Government accused of ‘burying’ urgent research on conversion therapy in the UK
Minister for women and equalities Liz Truss, Conservative MP for South West Norfolk, arrives on Downing Street for a cabinet meeting in London, England on 20 October 2020. (Photo by David Cliff/NurPhoto via Getty Images)
The Conservative government has been accused of “burying” key conversion therapy research which hit ministers’ desks over eight months ago.
The report – led by by Coventry University – followed a call for people to share first-hand experiences of conversion therapy “in a medical, commercial or faith-based context”.
It was commissioned over two years ago by the Government Equalities Office when Theresa May was in Downing Street. Liz Truss, as minister for women and equalities, is currently resposible for the GEO.
A BBC Freedom of Information request revealed that a final draft was received on 15 December, 2020. However, the findings still remain unpublished.
Matt Hyndman, co-founder of the Ban Conversion Therapy campaign group, told the BBC that the report should have been published back in January.
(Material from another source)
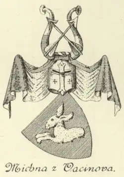 Die Michna stammen aus Budyně nad Ohří und stiegen innerhalb von nicht ganz 30 Jahren aus der Erbuntertänigkeit in den Herrenstand des Königreichs Böhmen auf. Martin genannt Michna, Hasenburg´scher Amtmann der Grundherrschaft Budin an der Eger, wurde von Kaiser Rudolf II. am 14. August 1598 in Prag, der böhmische Adel im Wladykenstand mit dem Adelsprädikat „von Waczynow“ und ein Wappenbrief verliehen.[1] Waczynow (heute Vacinov) war vermutlich ein ehemaliger Gutshof im Mündungsgebiet der Eger in die Elbe im Leitmeritzer Kreis. Bei der Übernahme in die deutsche Sprache kam es zu verschiedenen Schreibformen. Seine drei Söhne begründen mit Paul Michna von Waitzenhofen das ältere gräfliche Haus, mit Sebastian Michna von Waczynow (Weitzenau) das jüngere gräfliche Haus und mit Georg Wilhelm Michna von Waiczenhoff das freiherrliche Haus.
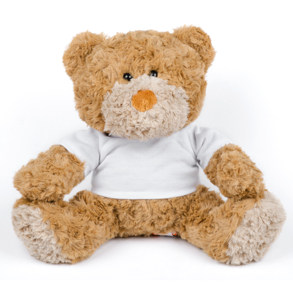 Plyšový medvídek v bílém tričku určeném pro sublimační potisk. Heboučký a měkký plyš. Je možné zakoupit i bez potisku. Výška hračky vsedě je 23 cm. Vhodná jako vtipný nebo romantický dárek k Valentýnu, narozeninám či k Vánocům, pro partnera, nebo děti.

“It sounds like it’s just been buried in a drawer somewhere and it’s not that urgent,” he said. “If they’ve commissioned a study which says conversion therapy is happening and it’s quite severe and they’ve been delaying to ban it, it’s not a good look.”
He questioned why more information was needed to move ahead with a ban, saying: “We have so many stories of people and organisations that can attest to the harm it causes.”
Campaigners have heavily criticised the Conservatives for “dragging their feet” on the matter of conversion therapy, which remains legal in the UK three years after the government first pledged to ban the practice in the 2018 LGBT Action Plan.
After continual delays prompted a string of resignations from the government’s LGBT+ advisory panel in March, equalities minister Liz Truss promised to bring forward a ban “shortly”.
Two months later the government said the legislation would only be advanced after a public consultation process which will “ensure that the ban can address the practice while protecting the medical profession; defending freedom of speech; and upholding religious freedom”.
This has led to fears that an eventual ban could include exemptions for faith groups, which are often the perpetrators of conversion therapy.
A government spokesperson said, per the BBC: “Our approach is based on a range of evidence, which we will publish alongside the consultation, including the Coventry University report.”
While the report is now complete, the consultation is still forthcoming with no timeline announced.
Faith communities are calling for conversion therapy to be banned
Stonewall CEO Nancy Kelley described plans for a public consultation as “concerning”, saying such a process “will be hard for our communities to hear”.
“We don’t need a consultation to know that all practices that seek to convert, suppress, cure or change us are dangerous, abusive and must be banned,” she said in May.
“Lesbian, gay, bi, trans, intersex and ace communities have been waiting almost three years for the UK government to follow through on their promise to ban all conversion practices, and any delay leaves us at further risk of abuse.”
Although some groups such as the Evangelical Alliance have welcomed the consultation, multiple faith communities have called for a conversion therapy ban to be brought forward immediately.
In June the Hindu Council UK urged the government to “ban the so-called ‘conversion therapy’ as a degrading and harmful practice without delay,” a call echoed by Buddhist charity the Dhamma Center which said conversion therapy “has no place in the modern world”.
Meanwhile the bishop of Manchester explicitly backed the prosecution of religious leaders who provide the dangerous and debunked practice, saying that a public consultation “has all too often been a phrase used to excuse foot-dragging”.
In 2018 the government held a public consultation on reforms to the Gender Recognition Act (GRA), which would have simplified the process of legal gender recognition for trans people.
The results of that consultation weren’t announced until September 2020, which showed broad support for reform. Days later, the government announced that it was scrapping plans to reform the GRA.